CCE : côté touristes, le changement n’est pas pour maintenant alors ?
A.M : disons que les premiers frémissements se font sentir. Cela s’explique par la médiatisation de la levée de l’embargo. Les gens se disent que « c’est maintenant qu’il faut y aller parce que l’île risque de changer complètement ». Sur le marché français, depuis février 2015 les demandes de devis pour des voyages de groupes sur Cuba ont été multipliées par 10. La conséquence immédiate est que les tarifs ont augmenté entre 2015 et 2016. Donc les touristes ont tout intérêt à passer par une agence.
CCE : trois bonnes raisons d’y aller en 2016 ?
A.M : premièrement c’est vraiment le moment parce qu’il y a encore cette ambiance typique de l’île avec une population qui n’est pas encore versée dans l’économie libérale et le business, même si ça commence tout doucement… Ensuite, contrairement à d’autres destinations caribéennes, Cuba est culturellement parlant, une mine d’or complètement préservée : la musique y est omniprésente, dans les rues, dans les transports, le long du Malecon**** ; les maisons au charme désuet offrent un cachet visible nulle part ailleurs ; les indémodables américaines circulent encore avec cette même nonchalance.
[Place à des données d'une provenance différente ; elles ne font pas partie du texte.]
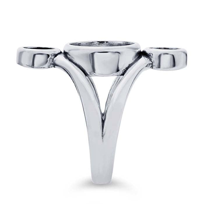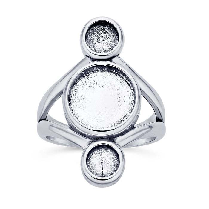 Set this this sterling silver ring mounting with three cabochons or other flat back stones to create custom looks. It features a split shank design that is connected by two round 5mm and one 10mm mountings. Use jeweler's epoxy to secure a stone into each bezel.
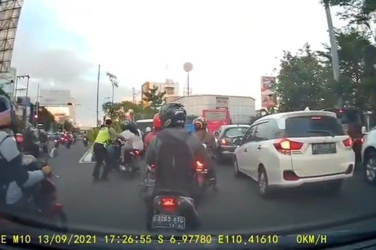 Viral video anggota polantas dorong pemotor sampai terjatuh di Semarang. Begini penjelasan Polda Jateng
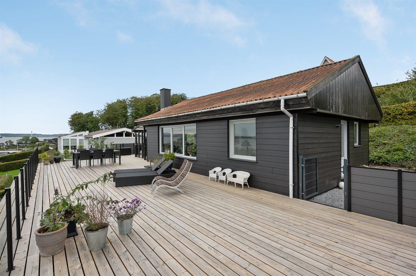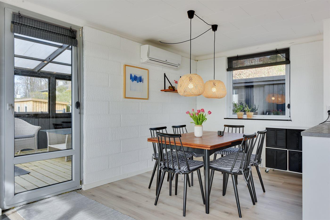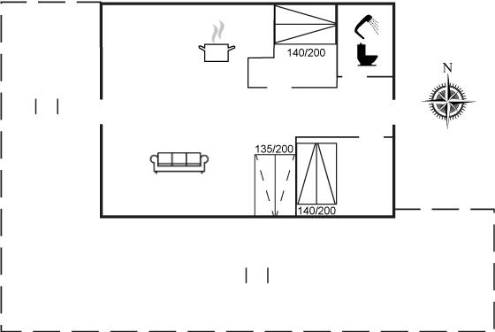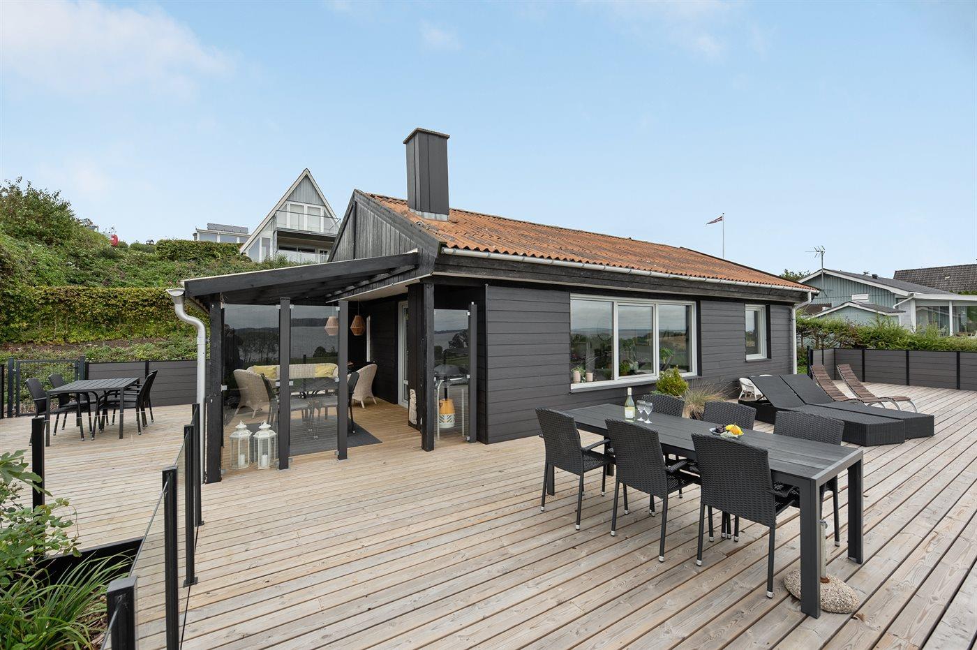 De vakantiewoning is gelegen op een 600 m² groot natuural grond. Afstand tot de fjord 330 m. Dichtstbijzijnde winkel 6000 m. Daarnaast is er een 15 m² groot overdekt terras. Waarvan in totaal 125 m² beschut terras. Afstand tot speelplaats 300 m. Barbecue. Parkeerplaats bij het huis.

Enfin, Cuba compte des villes fantastiques : Trinidad dont le centre ville est jalonné de vieux palais ; Santa Clara la ville du Che ; Vinalès, un paradis de verdure ; San Diego et son carnaval ; Varadero « the station balnéaire », un spot extraordinaire pour le farniente, le repos face au sable blanc et une mer translucide.
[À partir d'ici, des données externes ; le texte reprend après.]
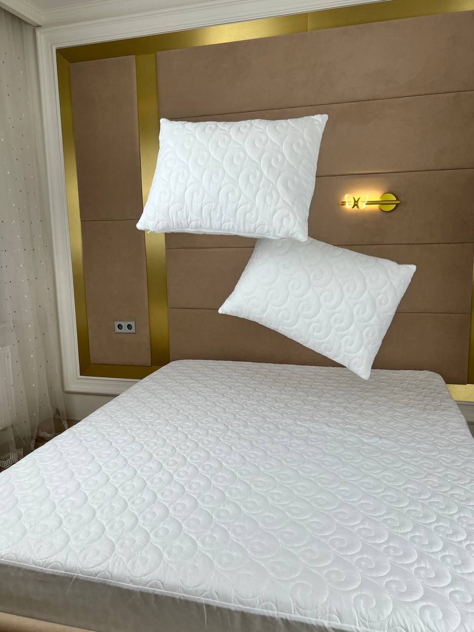 Крепление стеганной наволочки к подушке осуществляется за счет молнии по периметру. Наперник имеет длительный срок эксплуатации и выдерживает большое количество стирок. Он также отлично сочетается с белой мебелью в вашем доме и подходит для детской кровати в детскую комнату для мальчика и для девочки.

CCE : Quels coins conseillez-vous de visiter à La Havane ?
A.M : toute la ville est magique. La Calle Obispo est la rue piétonne sympa de la vieille ville. On peut s’y balader au rythme des scènes de rue, au gré des petites maisons qui sont des mini-musées, entrer dans les petits bars où les orchestres live sont pléthores comme Le Guajrito pour y écouter de la musique du Buenos Vista Social Club …. C’est d’ailleurs assez étonnant parce que les pas du promeneur finissent toujours par mener au Capitole ou le long du Malecon. Et puis il y a les écoles de danse un peu partout. Comme dans la plupart d’entre elles, celle de Tonino Mendez, qui se situe dans un quartier très populaire de La Havane, permet aux passants d’assister gratuitement aux répétitions. Ca vaut le coup de s’y arrêter parce que Mendez est un personnage à part entière, un passionné de danse qui dégage une énergie extraordinaire. Il faut savoir que la musique et la danse tiennent une place primordiale dans la vie cubaine.
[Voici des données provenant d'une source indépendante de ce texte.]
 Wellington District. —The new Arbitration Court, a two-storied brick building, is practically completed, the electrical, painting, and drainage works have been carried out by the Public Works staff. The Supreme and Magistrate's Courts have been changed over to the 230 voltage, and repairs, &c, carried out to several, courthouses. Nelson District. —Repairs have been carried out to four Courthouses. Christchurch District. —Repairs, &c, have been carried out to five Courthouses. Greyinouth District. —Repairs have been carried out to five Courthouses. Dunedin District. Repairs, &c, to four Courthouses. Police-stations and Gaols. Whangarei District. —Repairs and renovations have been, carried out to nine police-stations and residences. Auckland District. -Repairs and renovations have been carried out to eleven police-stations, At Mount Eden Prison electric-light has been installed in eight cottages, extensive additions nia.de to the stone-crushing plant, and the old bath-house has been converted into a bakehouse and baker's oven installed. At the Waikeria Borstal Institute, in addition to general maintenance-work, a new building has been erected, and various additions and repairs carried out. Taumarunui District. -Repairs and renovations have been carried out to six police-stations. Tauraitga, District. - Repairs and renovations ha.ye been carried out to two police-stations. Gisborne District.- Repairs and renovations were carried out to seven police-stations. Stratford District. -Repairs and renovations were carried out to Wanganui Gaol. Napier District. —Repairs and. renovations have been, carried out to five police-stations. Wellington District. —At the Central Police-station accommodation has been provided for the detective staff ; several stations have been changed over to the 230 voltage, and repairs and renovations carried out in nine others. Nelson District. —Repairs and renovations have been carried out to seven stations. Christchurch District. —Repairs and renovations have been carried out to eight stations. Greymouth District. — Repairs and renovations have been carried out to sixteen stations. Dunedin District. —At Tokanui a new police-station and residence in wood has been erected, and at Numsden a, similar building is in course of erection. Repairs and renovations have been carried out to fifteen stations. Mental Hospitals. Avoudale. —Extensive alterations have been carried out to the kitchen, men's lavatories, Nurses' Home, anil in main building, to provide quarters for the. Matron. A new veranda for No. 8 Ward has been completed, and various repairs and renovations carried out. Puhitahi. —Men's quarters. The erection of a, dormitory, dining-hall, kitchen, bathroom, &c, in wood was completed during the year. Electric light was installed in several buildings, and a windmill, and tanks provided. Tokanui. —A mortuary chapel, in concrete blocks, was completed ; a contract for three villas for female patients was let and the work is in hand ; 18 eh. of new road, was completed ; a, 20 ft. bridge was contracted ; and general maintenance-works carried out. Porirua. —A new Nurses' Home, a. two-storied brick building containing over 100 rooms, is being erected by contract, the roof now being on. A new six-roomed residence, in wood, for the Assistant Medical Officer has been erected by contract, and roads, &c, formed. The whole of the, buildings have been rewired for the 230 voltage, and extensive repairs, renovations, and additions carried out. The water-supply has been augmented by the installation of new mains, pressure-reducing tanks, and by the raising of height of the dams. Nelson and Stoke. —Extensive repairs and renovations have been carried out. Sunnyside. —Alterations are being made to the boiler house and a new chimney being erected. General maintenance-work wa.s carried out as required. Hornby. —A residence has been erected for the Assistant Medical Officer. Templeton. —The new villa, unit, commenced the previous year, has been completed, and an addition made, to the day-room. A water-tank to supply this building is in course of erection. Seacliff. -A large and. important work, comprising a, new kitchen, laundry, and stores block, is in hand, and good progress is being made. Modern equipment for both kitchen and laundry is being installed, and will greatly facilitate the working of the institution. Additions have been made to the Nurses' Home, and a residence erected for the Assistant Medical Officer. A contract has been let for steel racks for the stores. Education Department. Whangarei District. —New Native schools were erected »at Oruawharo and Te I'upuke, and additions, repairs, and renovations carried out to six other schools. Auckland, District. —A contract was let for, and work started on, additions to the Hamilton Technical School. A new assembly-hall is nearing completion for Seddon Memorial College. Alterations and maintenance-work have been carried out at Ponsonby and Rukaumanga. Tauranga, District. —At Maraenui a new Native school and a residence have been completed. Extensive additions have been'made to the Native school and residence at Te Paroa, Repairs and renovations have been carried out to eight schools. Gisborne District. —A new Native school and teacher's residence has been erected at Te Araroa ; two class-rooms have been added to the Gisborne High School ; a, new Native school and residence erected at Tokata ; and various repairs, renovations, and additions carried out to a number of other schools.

**** Construit à partir de 1902 pour protéger La Havane des vagues, le Malecon est le spot des Havanais à la nuit tombée. Sur ses 8 km de long, on y flâne, on y écoute de la musique, on bavarde avec les promeneurs, « c’est le lieu de rencontre typiquement cubain et dès qu’on parle espagnol, le lien est facile car les Cubains éprouvent toujours ce besoin fort de poser des questions, de savoir ce qui se passe dans le monde.»